But the greatest marvel is not the size of the enterprise, its secrecy, nor its cost, but the achievement of scientific brains in putting together infinitely complex pieces of knowledge held by many men in different fields of science into a workable plan. And hardly less marvelous has been the capacity of industry to design, and of labor to operate, the machines and methods to do things never done before so that the brain child of many minds came forth in physical shape and performed as it was supposed to do. Both science and industry worked under the direction of the United States Army, which achieved a unique success in managing so diverse a problem in the advancement of knowledge in an amazingly short time. It is doubtful if such another combination could be got together in the world. What has been done is the greatest achievement of organized science in history. It was done under high pressure and without failure.

We are now prepared to obliterate more rapidly and completely every productive enterprise the Japanese have above ground in any city. We shall destroy their docks, their factories, and their communications. Let there be no mistake; we shall completely destroy Japan’s power to make war.          

It was to spare the Japanese people from utter destruction that the ultimatum of July 26 was issued at Potsdam. Their leaders promptly rejected that ultimatum. If they do not now accept our terms they may expect a rain of ruin from the air, the like of which has never been seen on this earth.

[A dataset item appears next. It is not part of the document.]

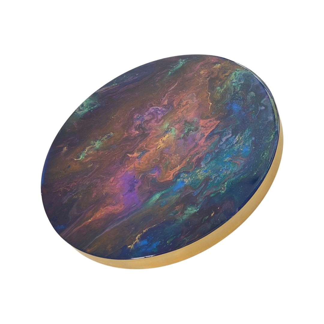 Dit kleurrijke kunstwerk is gemaakt met diverse mica kleurpigmenten en meerdere lagen epoxy om diepte en een prachtige glossy glans te creëren. Geïnspireerd door het heelal.

Behind this air attack will follow sea and land forces in such numbers and power as they have not yet seen and with the fighting skill of which they are already well aware.

The Secretary of War, who has kept in personal touch with all phases of the project, will immediately make public a statement giving further details.

His statement will give facts concerning the sites at Oak Ridge near Knoxville, Tennessee, and at Richland near Pasco, Washington, and an installation near Santa Fe, New Mexico. Although the workers at the sites have been making materials to be used in producing the greatest destructive forces in history they have not themselves been in danger beyond that of many other occupations, for the utmost care has been taken of their safety.

The fact that we can release atomic energy ushers in a new era in man's understanding of nature's forces. Atomic energy may in the future supplement the power that now comes from coal, oil, and falling water, but at present it cannot be produced on a basis to compete with them commercially. Before that comes there must be a long period of intensive research.

It has never been the habit of the scientists of this country or the policy of this Government to withhold from the world scientific knowledge. Normally, therefore, everything about the work with atomic energy would be made public.

But under present circumstances it is not intended to divulge the technical processes of production or all the military applications, pending further examination of possible methods of protecting us and the rest of the world from the danger of sudden destruction.

I shall recommend that the Congress of the United States consider promptly the establishment of an appropriate commission to control the production and use of atomic power within the United States. I shall give further consideration and make further recommendations to the Congress as to how atomic power can become a powerful and forceful influence towards the maintenance of world peace.